THE SILENCE AND THE RAGE

by Pierre Lemaitre ; translated by Frank Wynne

Pub Date: July 8th, 2025
ISBN: 9780316576154
Publisher: Little, Brown

Three French siblings are keeping busy in the early 1950s: Journalism, entrepreneurship, murder…

This novel by Prix Goncourt winner Lemaitre is the second in a planned Glorious Years tetralogy (following The Wide World, 2023), starring the Pelletier clan, which in 1952 is highly ambitious and thick with secrets. François, a rising editor at a Paris newspaper, is struggling in his relationship with Nine, a deaf alcoholic kleptomaniac who’s gone missing, while shepherding a blockbuster series on French women’s poor hygiene.
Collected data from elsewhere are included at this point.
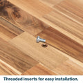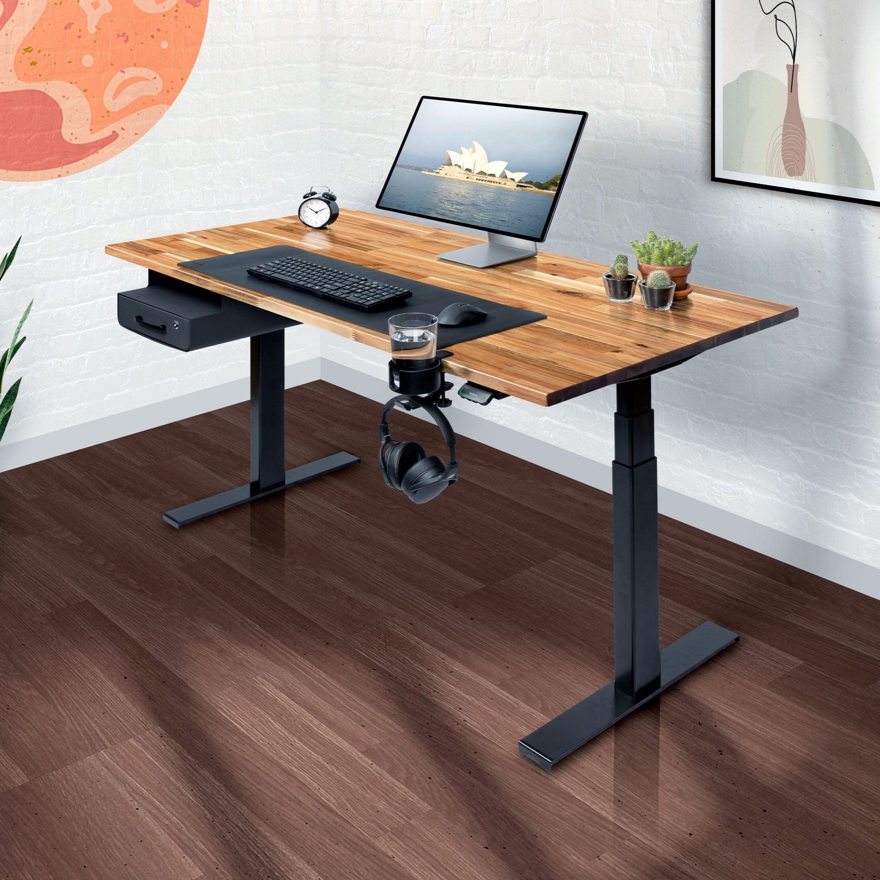 Our Acacia desktops are sustainably sourced from FSC certified forests that ensures responsible forest management. Acacia has prominent colour tones, ranging from medium gold to dark brown. Its surface has a clear finish, with a square or contour edge and is 25mm thick. It features reinforced bars on the underside of the desktop for additional strength.
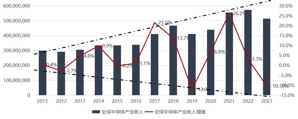 圖2 近10年來全球半導體產(chǎn)業(yè)銷售收入及增速變化
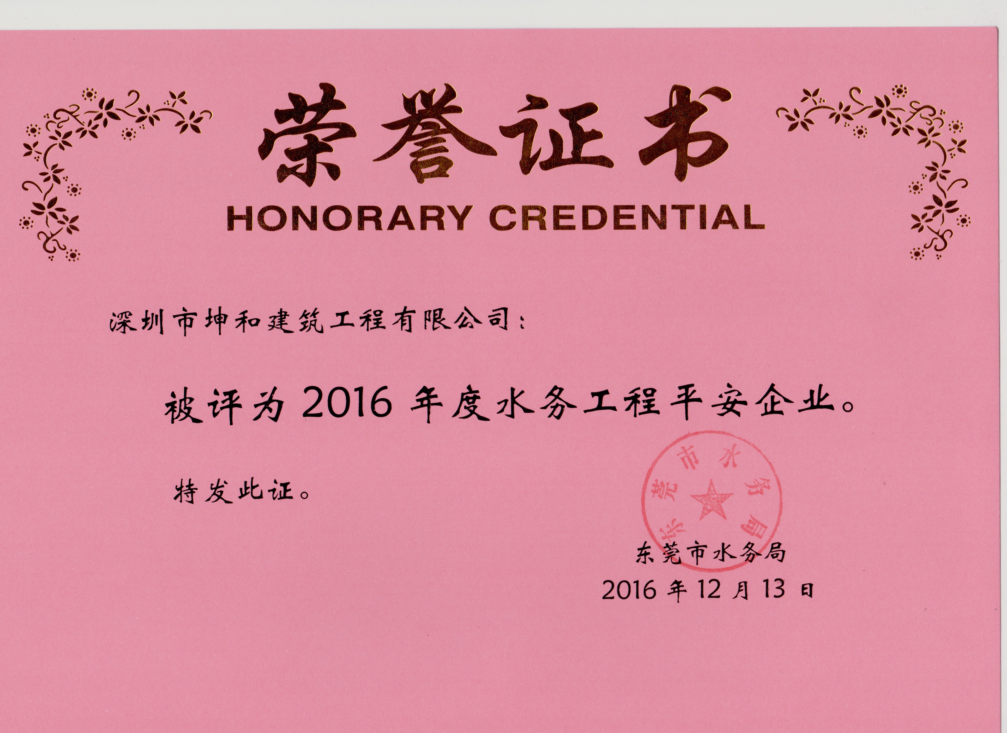 深圳市坤和建筑工程有限公司于二00五年十一月廿八日成立,經過全體員工的共同努力,公司發展迅速,目前公司注冊資金為12010萬元,是一支具有房屋建筑工程施工總承包一級;市政公用工程施工總承包一級;水利水電工程施工總承包二級;地基基礎工程專業承包二級;建筑裝修裝飾工程專業承包二級;建筑機電安裝工程專業承包三級;鋼結構工程專業承包三級資質的專業施工隊伍,并于二00六年通過了ISO9001:2008標準﹑ISO14001:2004標準﹑GT/B2800-2001標準三項管理體系認證。 公司目前擁有各類專業技術人員351人。建筑工程、市政公用工程、水利水電工程、機電工程等各專業注冊建造師99人,注冊造價師5人,高級技術職稱20人,中、初級工程技術職稱和經濟、財會系列的專業人員331人。同時公司設備精良,擁有各類大型工程機械設備391臺,總功率達9600kw以上,這些設備為承接各類工程,確保高效、優質、安全施工奠定了堅實的基礎,是一家擁有全方位施工能力的建筑施工企業。公司多次獲得上級部門的表揚和嘉獎。 公司內部實行計算機智能化管理,建立了一套完善的質量、安全管理體系和制度。嚴格遵守國家規定的各類法律和各項規章制度,積極貫徹以“安全生產、文明施工”為主的生產作業指導方針;始終遵循“質
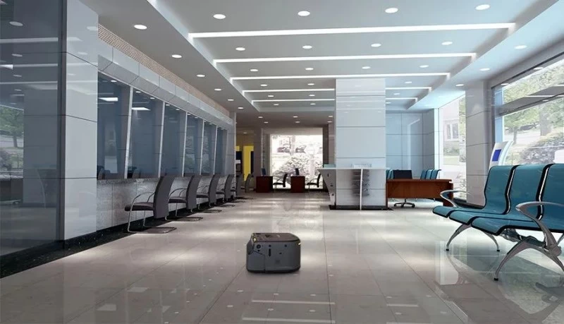 萤石BS1在杭州某银行网点负责约400㎡的大厅地面清洁工作,以高效清洁、智能避障等功能满足每天3次清洁工作,保障营业期间正常工作秩序。依托多目视觉计算系统,萤石BS1的灵活避障、丝滑绕障能力避免碰撞来往客户及工作人员;凭借语义贴边和小型化设计外观,能有效清洁大厅桌椅、设备边角等狭窄区域,清洁更彻底。无需人工干预的超能基站,确保了萤石BS1在夜间或非营业时间的湿拖清洁工作,自动添加的清洁液和除菌液,能比较彻底地清除脚印、污渍,清洁的同时兼顾消杀工作。

His sister, Hélène, is a journalist covering the opening of a dam in the countryside that will flood a provincial town while seeking an illegal abortion. Their brother, Jean, is about to open a second megastore but has to deal with employee protests and a vicious harridan wife, while hoping the papers don’t discover his sideline as a serial killer. Too much? Absurdly so? Mais oui! Which is unfortunate, because there are glimmers here of deep research and emotional sensitivity. Hélène’s plot in particular deals not just with the torments that come with displacing a whole community, but also the country’s draconian anti-abortion laws, which push her to an unlicensed treatment that goes badly. But Lemaitre is so determined to deliver a brash, symphonic novel that his story clangs and strains credulity. Jean’s wife, Geneviève, is cartoonishly evil, blithely cuckolding her husband and glorying in her in-laws’ shortcomings. And a needless subplot features the siblings’ parents sponsoring a mediocre boxer in Beirut who surprisingly fails upward. Lemaitre might intend to reveal the dark side of France’s charming postwar reputation, or perhaps he means to critique the cruelty and violence families bring on each other, knowingly or not. But this manic, pulpy novel makes it hard to trust any serious intention.

A clumsy family saga whose would-be provocations are more comic than harrowing.